Another possible technical recommendation we can consider at this point would be a Multichannel Television Sound (MTS). MTS is the method of sending an additional sound signal to an existing sound signal. Therefore, two audio channels, such as original English remarks and Korean SI, can be sent to TV viewers who can choose one of them. This method is similar to what Kurz (1990) reported with an Austrian case. Sending original English in one channel and Korean SI in another channel will clearly solve the problem of overlapping between SI and original dialogue. Lee (2000) suggested this mode several years ago to solve the problem of overlapping of SI and English remarks. A Korean viewer also preferred this mode: “Since it is live coverage, captions would be difficult to adopt, but I believe the time has come to consider MTS” (1997).
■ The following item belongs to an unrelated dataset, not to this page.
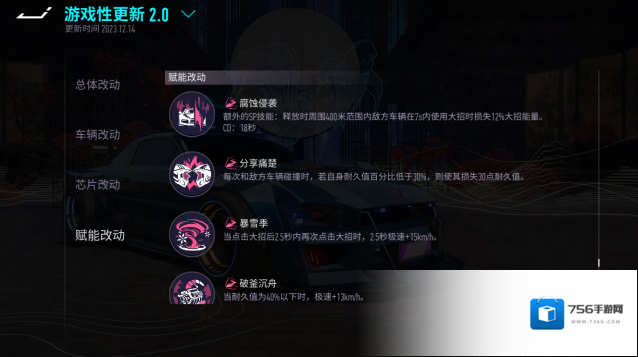 进入更新入口后,在这里汇集了本次游戏性更新的调整思路、车辆优化详情、芯片效果调整、赋能技能介绍、用户界面升级以及排位禁用投票改动等诸多详细介绍,车手们点击左边的分类菜单栏,就可以快速跳转到对应界面,轻松查阅自己想要的关键信息~
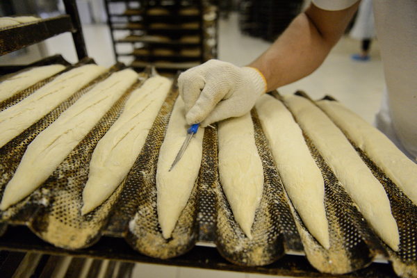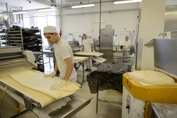 Готовое тесто из большого котла выливают на разделочные линии, их три: хлебная, с бесстрессовым давлением (для сохранения пузырьков, что важно, например, для изготовления чиабатты) и кенинг (для мелкой выпечки, булочек и круассанов). После того, как машина разделила тесто на равные куски, подключается ручной труд: сотрудники придают форму хлебу вручную. Затем хлеб отправляют в расстойные шкафы и дают ему немного отлежаться. В «Буше» вообще пропагандируют принцип неспешности, например, не используют никаких химических добавок и улучшителей для того, чтобы тесто быстрее поднялось или скорее заварилось.

Since some English dramas are already being aired with MTS, English and Korean dubbing, in Korea, adopting MTS for the Academy Awards Ceremony would not be a difficult job. Viewers could then choose one of them, greatly enhancing the possibility of satisfying both types of viewers.
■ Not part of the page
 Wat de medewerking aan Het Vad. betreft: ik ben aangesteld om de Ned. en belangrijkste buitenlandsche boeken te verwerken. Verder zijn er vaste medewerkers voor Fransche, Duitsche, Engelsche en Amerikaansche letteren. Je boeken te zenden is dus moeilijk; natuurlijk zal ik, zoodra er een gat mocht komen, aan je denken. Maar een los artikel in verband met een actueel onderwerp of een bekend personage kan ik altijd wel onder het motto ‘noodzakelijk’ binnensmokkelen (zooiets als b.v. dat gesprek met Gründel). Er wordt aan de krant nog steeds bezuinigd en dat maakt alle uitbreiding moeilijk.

One limitation of this study, however, is that the questionnaire subjects, as mentioned before, are students studying English. Although some general Korean viewers expressed the same reaction, we cannot assert that the results of this questionnaire represents the majority of Korean viewers watching this ceremony with SI through open Korean captions. Future work might therefore involve a broad sampling of general viewer impressions on the use of this new method, or comparing those of university students vs. general viewers. This might yield a more comprehensive evaluation of this new technology. If interpreters and related researchers in the broadcasting field successfully enhance the quality of SI through captions mode by resolving these limitations, this new technology will be a revolutionary tool of communication in the future. This is especially noteworthy because the huge size of general public TV viewing is incomparably greater than the numbers attending general international conferences. As asserted by den Boer (2001), academic researchers should provide serious input towards improving this new tool.